> [DATA EXTRACT]
------------------------------------------------------------------------
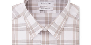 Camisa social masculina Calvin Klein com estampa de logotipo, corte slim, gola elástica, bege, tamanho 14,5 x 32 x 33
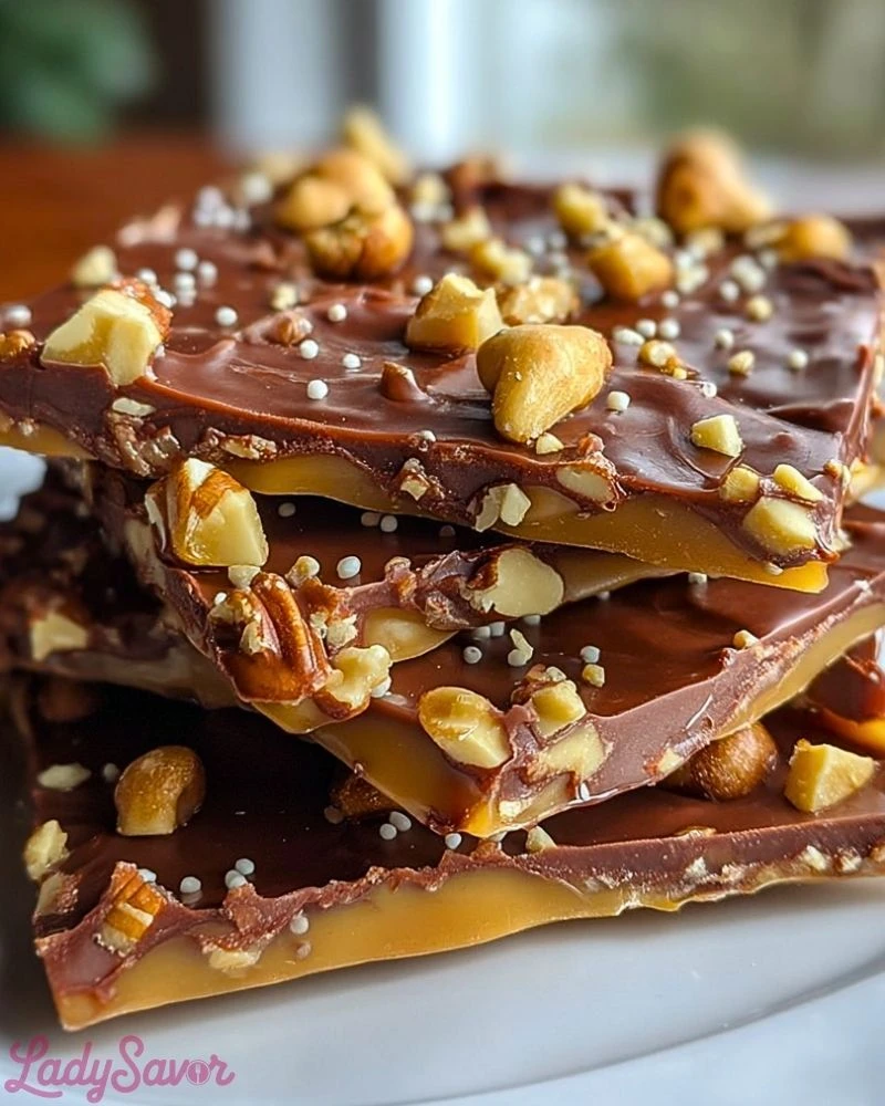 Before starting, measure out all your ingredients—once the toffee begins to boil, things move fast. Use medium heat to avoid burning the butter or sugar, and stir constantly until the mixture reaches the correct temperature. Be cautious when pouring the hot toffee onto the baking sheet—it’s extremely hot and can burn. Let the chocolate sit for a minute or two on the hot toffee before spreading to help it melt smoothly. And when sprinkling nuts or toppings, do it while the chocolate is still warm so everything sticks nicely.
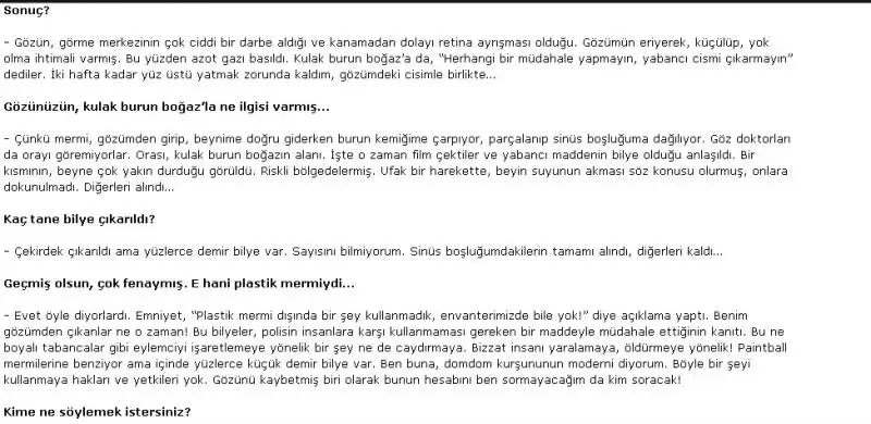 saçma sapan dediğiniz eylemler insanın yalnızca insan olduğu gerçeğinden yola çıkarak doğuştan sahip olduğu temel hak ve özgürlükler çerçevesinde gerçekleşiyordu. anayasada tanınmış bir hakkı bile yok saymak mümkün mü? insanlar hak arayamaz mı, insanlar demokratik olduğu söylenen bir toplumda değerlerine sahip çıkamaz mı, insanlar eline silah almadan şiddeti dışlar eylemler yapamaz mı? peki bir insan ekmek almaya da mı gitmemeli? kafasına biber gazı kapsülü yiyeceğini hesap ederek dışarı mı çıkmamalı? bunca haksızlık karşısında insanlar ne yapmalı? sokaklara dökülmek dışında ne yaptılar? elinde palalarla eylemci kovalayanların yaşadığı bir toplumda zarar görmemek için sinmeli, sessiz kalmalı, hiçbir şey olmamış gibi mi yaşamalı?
------------------------------------------------------------------------
> [TASK TO CARRY OUT]
Where a picture appears, omit it; otherwise reproduce each line above from the first to the one with "Before starting, measure", inclusive.

> [WORKED SOLUTION]
 Camisa social masculina Calvin Klein com estampa de logotipo, corte slim, gola elástica, bege, tamanho 14,5 x 32 x 33
 Before starting, measure out all your ingredients—once the toffee begins to boil, things move fast. Use medium heat to avoid burning the butter or sugar, and stir constantly until the mixture reaches the correct temperature. Be cautious when pouring the hot toffee onto the baking sheet—it’s extremely hot and can burn. Let the chocolate sit for a minute or two on the hot toffee before spreading to help it melt smoothly. And when sprinkling nuts or toppings, do it while the chocolate is still warm so everything sticks nicely.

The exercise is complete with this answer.